Magnetic bearing coil control electric current IcFor:
Ic=-kadksGw(s)Gc(s)χs (15)
In formula, kadFor AD downsampling factors;ksFor displacement transducer multiplication factor;GcAnd G (s)w(s) be respectively controller and The transmission function of power amplifier.
Then the kinetic model of the magnetic bearing system comprising rotor unbalance and Sensor Runout is:
Then the relation between vibration force F and two kinds of vibration sources δ and d is:
F=Q-1[(khI2×2-kikadksGw(s)Gc(s))δ-kikadksGw(s)Gc(s)d] (17)
Q=I2×2-khP(s)+kikadksGw(s)Gc(s)P(s) (18)
In formula, I2×2For second order unit matrix;P (s) is magnetic bearing system transmission function.

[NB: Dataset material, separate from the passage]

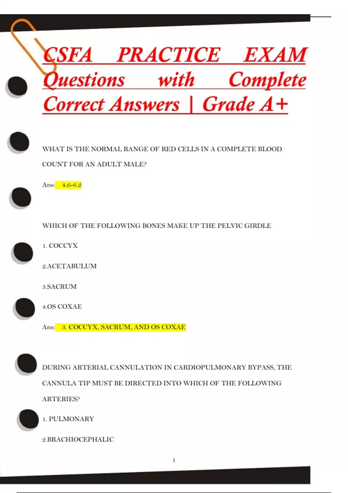 WHAT IS THE NORMAL RANGE OF RED CELLS IN A COMPLETE BLOOD COUNT FOR AN ADULT MALE? Ans: 4.6-6.2 WHICH OF THE FOLLOWING BONES MAKE UP THE PELVIC GIRDLE 1. COCCYX 2.ACETABULUM 3.SACRUM 4.OS COXAE Ans: 3. COCCYX, SACRUM, AND OS COXAE DURING ARTERIAL CANNULATION IN CARDIOPULMONARY BYPASS, THE CANNULA TIP MUST BE DIRECTED INTO WHICH OF THE FOLLOWING ARTERIES? 1. PULMONARY 2.BRACHIOCEPHALIC 2 3.AORTA 4.CORONARIES Ans: 3. AORTA WHICH OF THE FOLLOWING IS AN EXAMPLE OF A HIGH LEVEL DISINFECTING AGENT? 1. GLUTARALDEHYDE 2.ISOPROPYL ALCOHOL 3.QUATERNARY AMMONIUM 4.IODOPHOR SOLUTION Ans: 1.GLUTARALDEHYDE A LONG TERM COMPLICATION OF A CEMENTED TOTAL HIP IS? 1. ANTERIOR DISLOCATION 2.POSTERIOR DISLOCATION 3. LOOSENING OF THE PROSTHESIS 4.IMPINGEMENT OF THE SCIATIC NERVE Ans: 3. LOOSENING OF THE PROSTHESIS 3 DURING A POSTEROLATERAL APPROACH TO THE HIP, WHICH OF THE FOLLOWING STRUCTURES USUALLY FOUND SUPERFICIALLY TO THE OBTURATOR AND GEMELLI SHOULD BE IDENTIFIED AND PROTECTED? 1.SCIATIC NERVE 2.SUPERIOR GLUTEAL 3.INFERIOR GLUTEAL 4.LATERAL FEMORAL CUTANEOUS NERVE Ans: 1.SCIATIC NERVE TETRALOGY OF FALLOT INCLUDES WHICH OF THE FOLLOWING DEFECTS? 1.VENTRICULAR SEPTAL DEFECT 2.AORTIC STENOSIS 3.PULMONARY VALVE STENOSIS 4.RIGHT VENTRICULAR HYPERTROPHY Ans: 1.VENTRICULAR SEPTAL DEFECT 3.PULMONARY V

(2) nonlinear autoregressive algorithm designs
Assuming that rotor unbalance value and Sensor Runout estimate are respectivelyWithThe then position at rotor inertia center Move estimateIt is represented by:
In formula,The Displacement Estimation value of geometric center;WithRespectively rotor unbalance value and Sensor Runout Evaluated error, it is defined as:
In formula,WithRespectively rotor unbalance value and each harmonic component Fourier coefficients of Sensor Runout is estimated Count error.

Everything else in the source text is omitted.